Bolton's most interesting poems today, however, are those which reveal her awareness of injustice and her hatred of oppression. A number of poems touch on the need for political freedom; and she created many pathetic portraits of the poverty-stricken, especially children. She argued against capital punishment in "The Doomed Anarchists" and praised those such as Martin Luther who have had the courage to defy received opinion.

Her most frequent tones are indignation (in the poems of social protest), sentimentality (in narrative poems), rhapsodic praise (in poems on places and on nature), and happy idealism (in poems on pioneers and Indiana, and in those in which she predicts the future). Bolton's personal philosophy seems to have been to trust in God and live for the joy of the day but uncomplainingly accept life's disappointments ("When It Rains, Let It Rain"). She was also a supporter of women's rights. Her best known poem, "Paddle Your Own Canoe," argues for a sturdy independence and self-trust.

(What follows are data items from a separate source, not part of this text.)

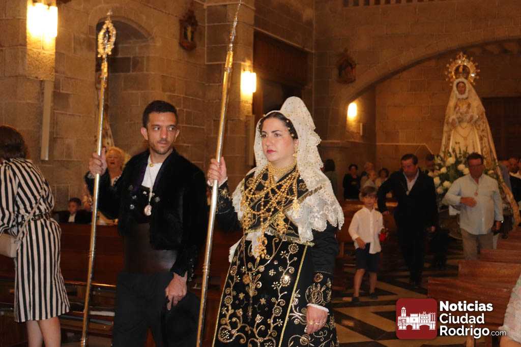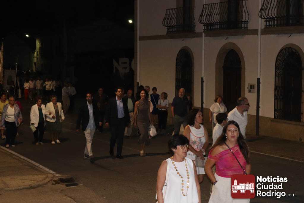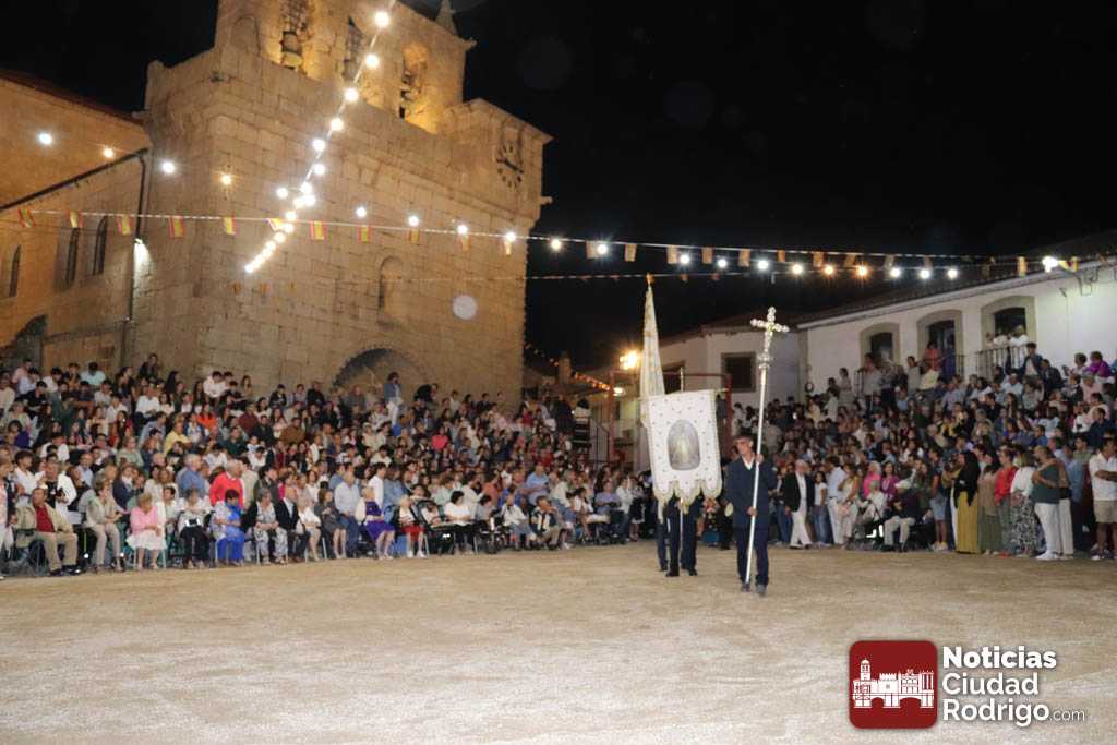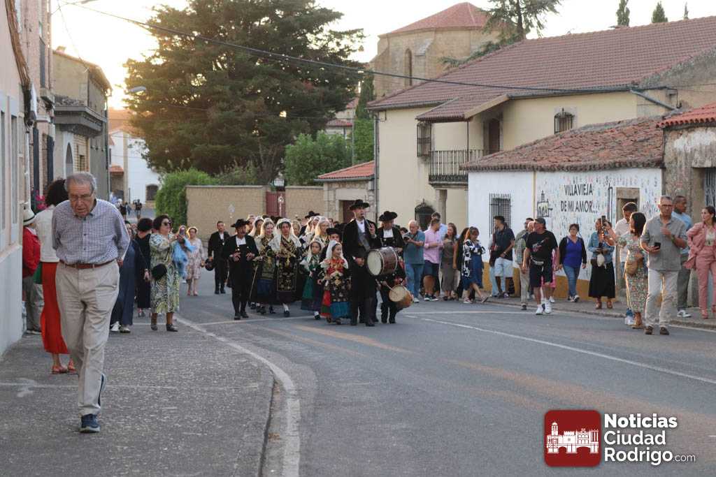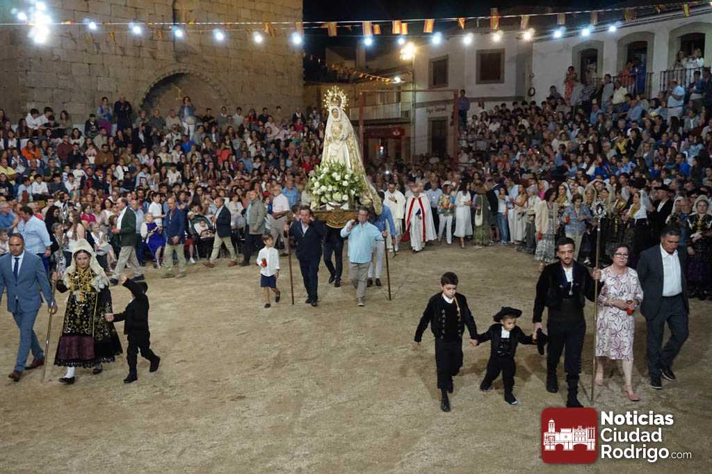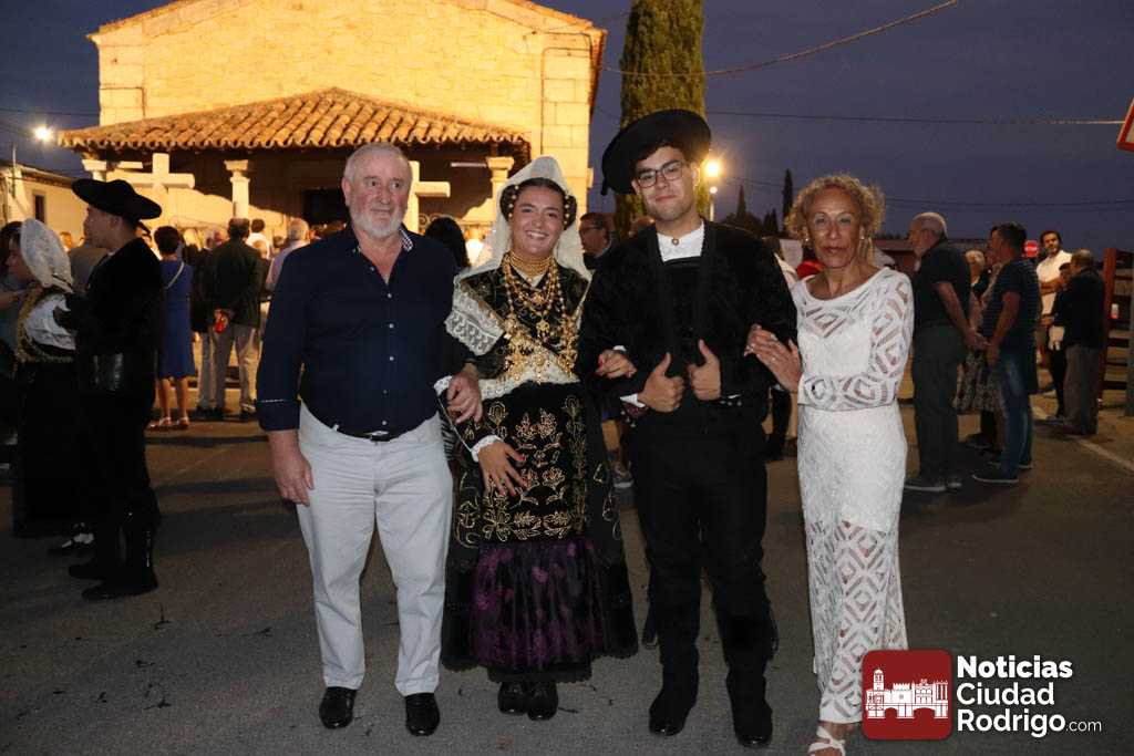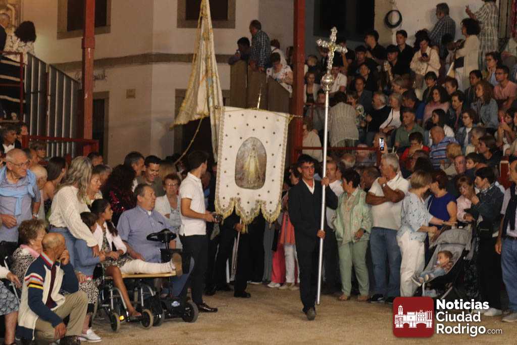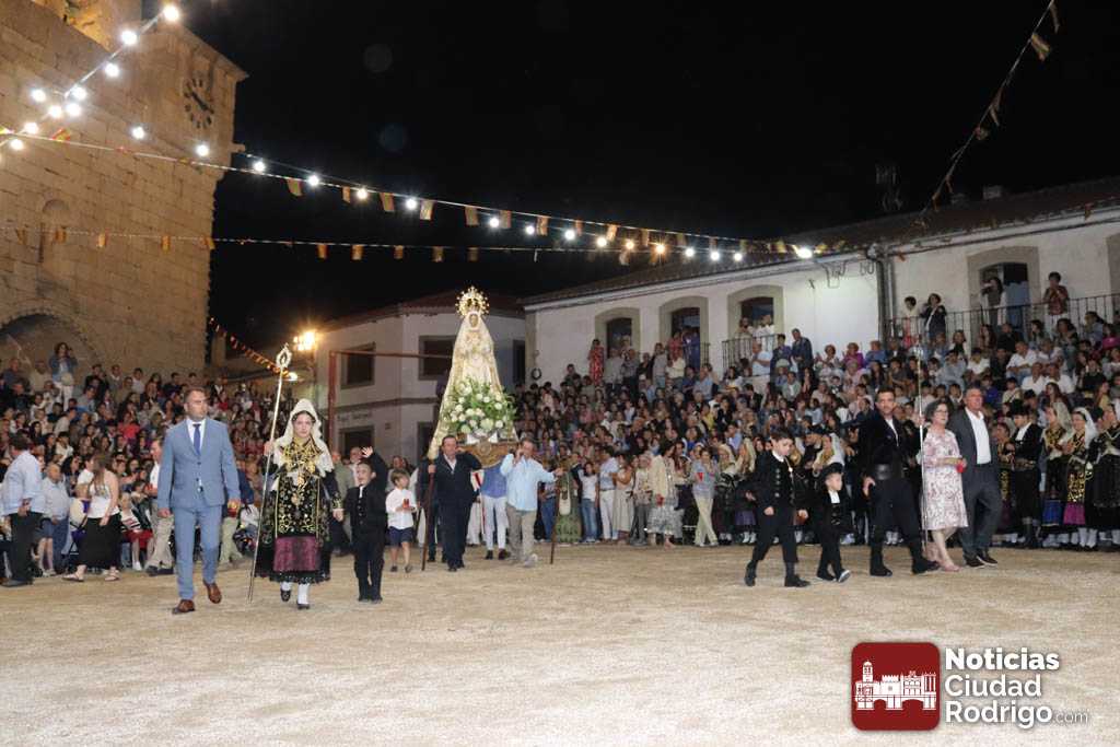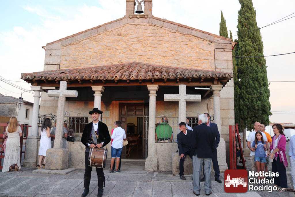 A las nueve de la noche, comienza la novena en la ermita y el Santo Rosario. Los mayordomos, Eva y Javier, acompañados por el sacerdote párroco Jesús Gutiérrez han llegado antes hasta el lugar acompañados de charros y charras de todas las edades al ritmo de la gaita y el tamboril. Al término del rezo, comienza el traslado. El grupo de charros delante, decenas de personas con velas y la Virgen en andas realizando el trayecto procesional hasta la plaza Mayor.
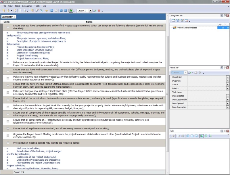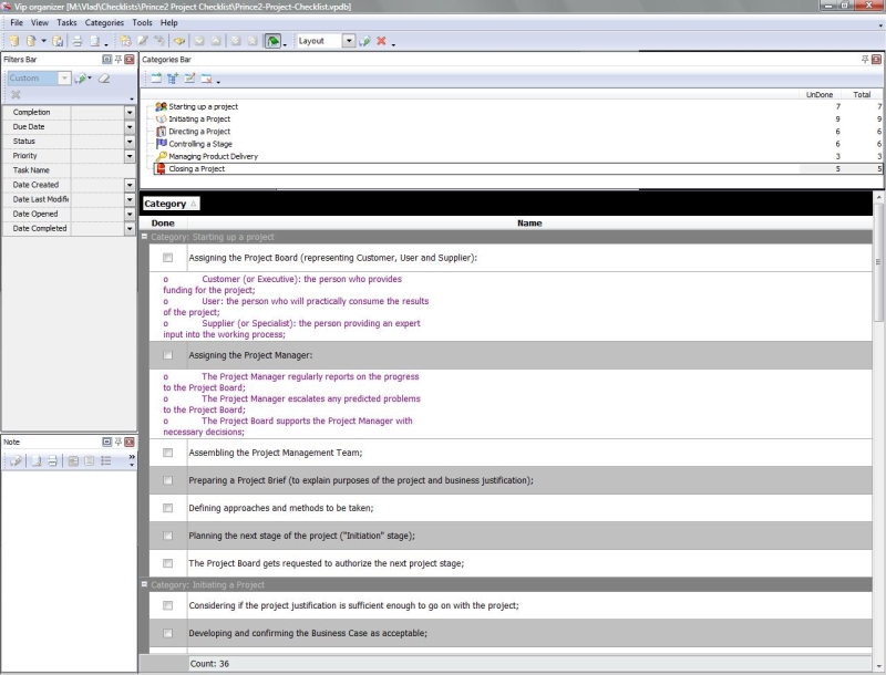 This Prince2 Project Checklist is created to help people in applying this famous methodology used by UK government (as the project management standard for public projects). With a help of this checklist you can learn the main processes and activities included into Prince2.   Prince2 Project Checklist
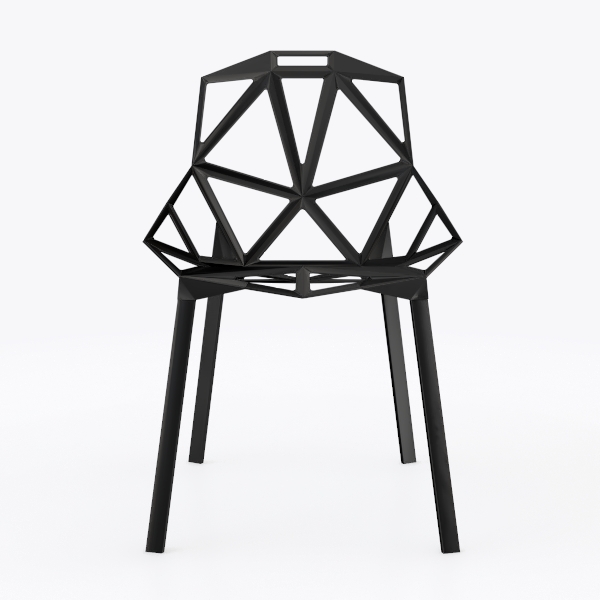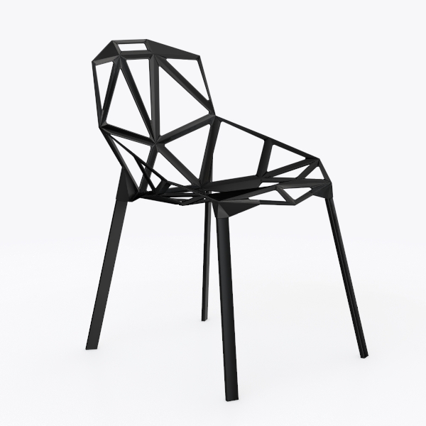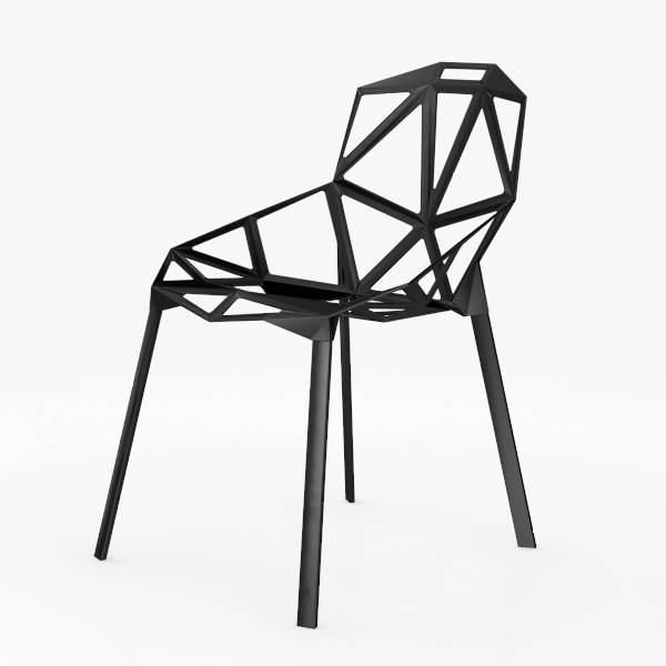 Inspired by architectural latticework and crystalline formations, this chair features a sleek matte black surface with light-catching geometric cutouts, offering a cool, smooth touch and a light yet striking presence. Its slender, angled legs add modern flair, ideal for minimalist, industrial, or modern-luxe dining rooms/entryways, paired with polished marble or warm wooden pieces. Lightweight yet sturdy, with a contoured back for subtle lumbar support, ensuring comfortable seating.
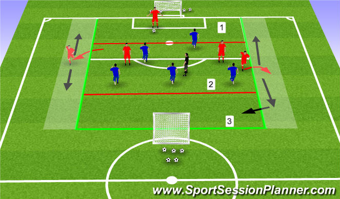 2-in possession team must have 2 players in the shaded area who can use the full wide area up & down.
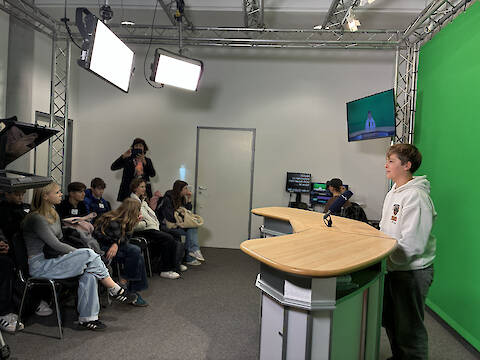 Ein besonderes Highlight war der Besuch im Kleiderfundus, wo die Schüler verschiedene Kostüme anprobieren konnten. An der Green-Screen-Station durften sie selbst Effekte ausprobieren und sogar als Nachrichtensprecher vor die Kamera treten.
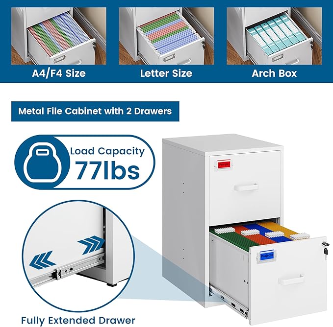 2 Drawer File Cabinet with Lock, 25.4" High Vertical Filing Cabinet, 17.7" Deep Metal Storage Cabinets for Home Office, Letter/Legal/A4/F4 Size, White(Assemble Required)
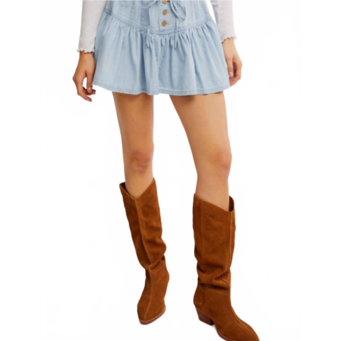 Tuck in your favorite tee for a more laid-back vibe.Step into style with the Roselle Denim Mini Skirt by Free People, your new favorite for any occasion. This mini skirt in a solid 'Going Steady' hue features an A-line silhouette and a high rise with a unique drawstring at the waist. Crafted from 100% cotton for breathability, it measures approximately 14.5 inches in length and is finished with an exposed button fly closure. Enjoy easy maintenance with simple machine wash care.
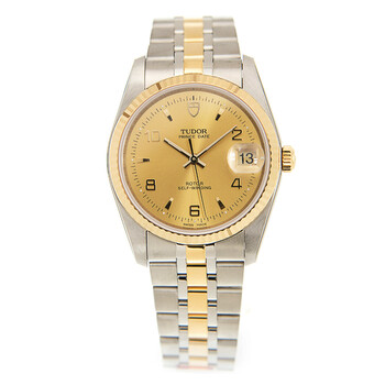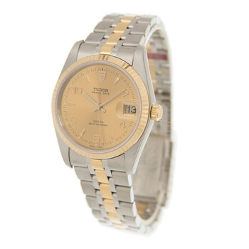 Stainless steel case with a stainless steel bracelet with 18kt yellow gold center links. Fixed stainless steel bezel with a 18kt yellow gold ring. Gold dial with luminous yellow gold-tone hands and alternating Arabic numeral & index hour markers. Minute markers around the outer rim. Dial Type: Analog. Luminescent hands and markers. Date display at the 3 o'clock position. Automatic movement. Scratch resistant sapphire crystal. Solid case back. Round case shape. Case size: 34 mm. Case thickness: 10.7 mm. Fold over clasp. Water resistant at 50 meters / 165 feet. Functions: date, hour, minute, second. Additional Info: original box, manual (complete accessories). Luxury watch style. Watch label: Swiss Made. Tudor Price Date-Day Automatic Watch 74033-62473-246810AR-CH.
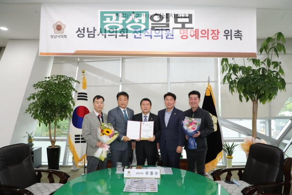 성남시의회(의장 박문석)는 19일 제3대 의원인 우종수 전 의원을 명예의장으로 위촉하며 소통의회 행보를 이어갔다.우종수 전 의원은 수정구 신흥3동 출신 시의원으로 제3대 후반기 의회운영위원장을 역임했으며, 현재는 서울타일 대표이사이자 의정동우회 부회장으로 활발히 활동 중이다.
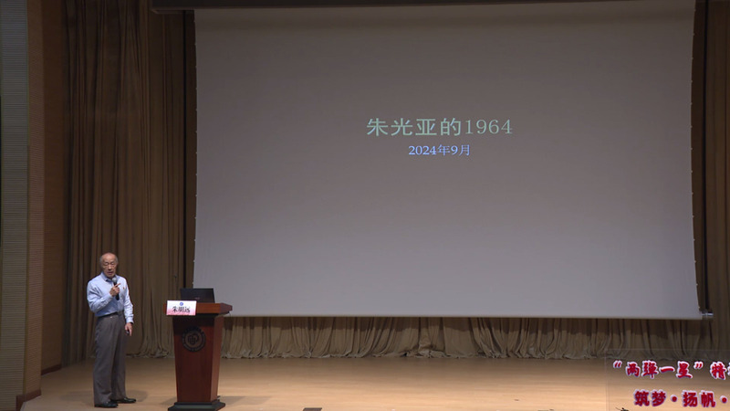 朱明远以“朱光亚的1964”为题,讲述了从1959年朱光亚临危受命,担任起中国核武器研制的科学技术领导人,到1964年10月16日我国第一颗原子弹爆炸成功的动人经历。朱明远深情地说,“这就是朱光亚紧张忙碌的1964。我们这个世界,每年都会发生那么几件惊天动地的大事。1964年的大事,属于中国。朱光亚,他一生为一件大事来,让我们记住他,为大事生,求大事干,吟大事歌,写大事记。”

In her lifetime, Bolton was much praised. Her fellow Hoosier writers Lew Wallace and James Whitcomb Riley thought highly of her work, and William Cullen Bryant included "Left on the Battlefield," a trite and extremely sentimental poem, in his selection of the 50 finest war poems ever written. In 1941, a plaque honoring her was placed in the rotunda of the Indiana capitol building. Almost completely forgotten today, in her life and work Bolton epitomized the contradictions of an intelligent and thoughtful woman of the 19th-century Midwest who was a child of the frontier and a world traveler, who managed to hold concurrently both radical and conventional ideas, and who achieved success and fame while never being considered unwomanly.

Other Works:

Poems (1865). The Life and Poems of Sarah Tittle Bolton (1880). Songs of a Life-Time (1892). Paddle Your Own Canoe and Other Poems (1897).

Bibliography:

Downing, O. I., Indiana's Poet of the Wildwood (1941). Wallace, L., "Sketch of Mrs. Sarah Tittle Bolton" in Paddle Your Own Canoe and Other Poems (1897).

Reference Works:

American Women (1897). A Critical Dictionary of English Literature and British and American Authors (1858-1871). Dictionary of American Biography. National Cyclopedia of American Biography (1892 et seq.). NAW, 1607-1950 (1971).

Other reference:

"The Life of Sarah T. Bolton" in The Life and Poems of Sarah T. Bolton (1880). Impressions of Indiana: Sarah T. Bolton. (audiocassette, 1993).